----- DATA EXTRACT

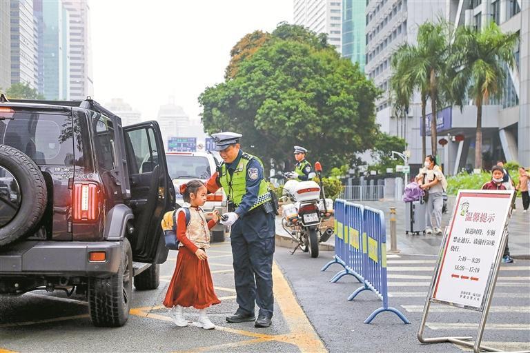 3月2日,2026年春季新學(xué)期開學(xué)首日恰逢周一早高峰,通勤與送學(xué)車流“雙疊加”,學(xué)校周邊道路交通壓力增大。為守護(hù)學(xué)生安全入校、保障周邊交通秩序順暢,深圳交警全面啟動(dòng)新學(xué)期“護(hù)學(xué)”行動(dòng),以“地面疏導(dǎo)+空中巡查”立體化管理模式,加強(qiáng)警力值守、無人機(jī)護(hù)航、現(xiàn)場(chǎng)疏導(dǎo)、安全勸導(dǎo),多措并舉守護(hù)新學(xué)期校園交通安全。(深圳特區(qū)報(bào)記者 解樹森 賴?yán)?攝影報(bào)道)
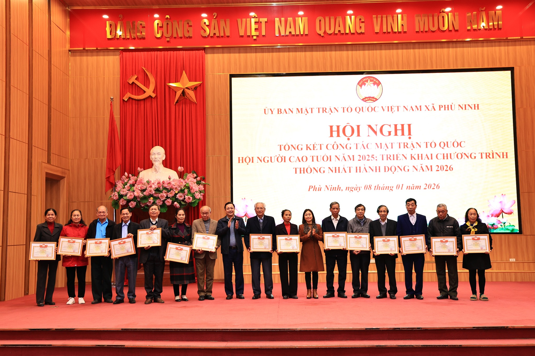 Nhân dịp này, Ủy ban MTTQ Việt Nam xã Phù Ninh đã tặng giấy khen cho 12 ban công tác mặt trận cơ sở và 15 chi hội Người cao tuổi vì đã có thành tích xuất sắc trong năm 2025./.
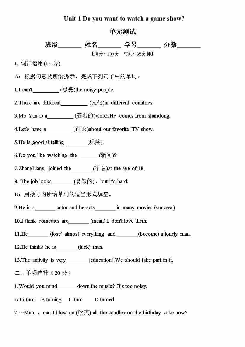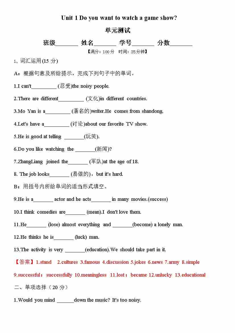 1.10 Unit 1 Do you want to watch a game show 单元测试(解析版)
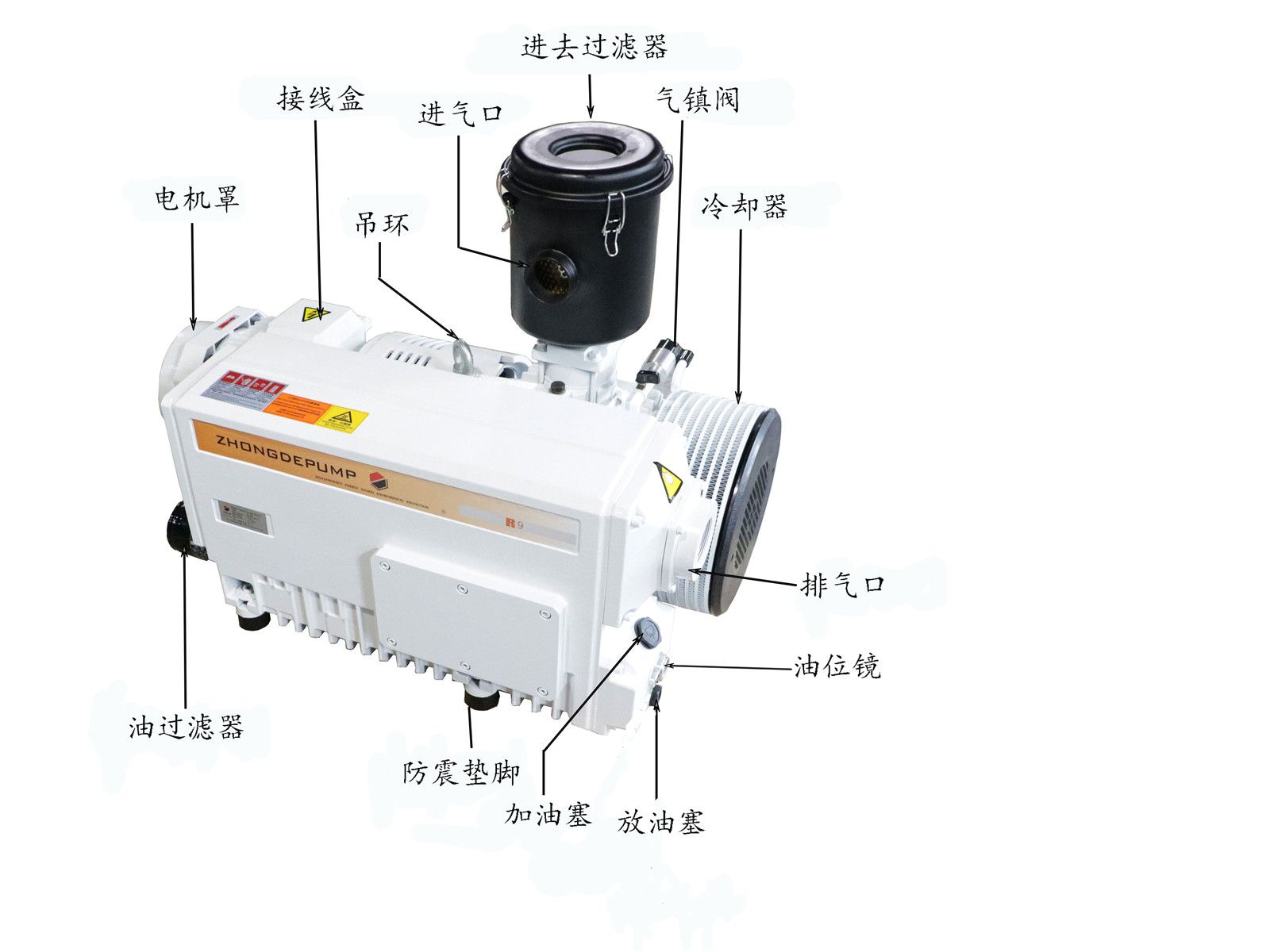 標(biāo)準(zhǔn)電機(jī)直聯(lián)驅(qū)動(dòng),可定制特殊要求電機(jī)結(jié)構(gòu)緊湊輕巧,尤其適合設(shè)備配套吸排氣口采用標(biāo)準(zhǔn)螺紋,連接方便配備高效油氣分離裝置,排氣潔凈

----------

WHAT NEEDS TO BE DONE: Would you output the data above exactly as written, but with no images?

RESPONSE TO THIS TASK:
 3月2日,2026年春季新學(xué)期開學(xué)首日恰逢周一早高峰,通勤與送學(xué)車流“雙疊加”,學(xué)校周邊道路交通壓力增大。為守護(hù)學(xué)生安全入校、保障周邊交通秩序順暢,深圳交警全面啟動(dòng)新學(xué)期“護(hù)學(xué)”行動(dòng),以“地面疏導(dǎo)+空中巡查”立體化管理模式,加強(qiáng)警力值守、無人機(jī)護(hù)航、現(xiàn)場(chǎng)疏導(dǎo)、安全勸導(dǎo),多措并舉守護(hù)新學(xué)期校園交通安全。(深圳特區(qū)報(bào)記者 解樹森 賴?yán)?攝影報(bào)道)
 Nhân dịp này, Ủy ban MTTQ Việt Nam xã Phù Ninh đã tặng giấy khen cho 12 ban công tác mặt trận cơ sở và 15 chi hội Người cao tuổi vì đã có thành tích xuất sắc trong năm 2025./.
 1.10 Unit 1 Do you want to watch a game show 单元测试(解析版)
 標(biāo)準(zhǔn)電機(jī)直聯(lián)驅(qū)動(dòng),可定制特殊要求電機(jī)結(jié)構(gòu)緊湊輕巧,尤其適合設(shè)備配套吸排氣口采用標(biāo)準(zhǔn)螺紋,連接方便配備高效油氣分離裝置,排氣潔凈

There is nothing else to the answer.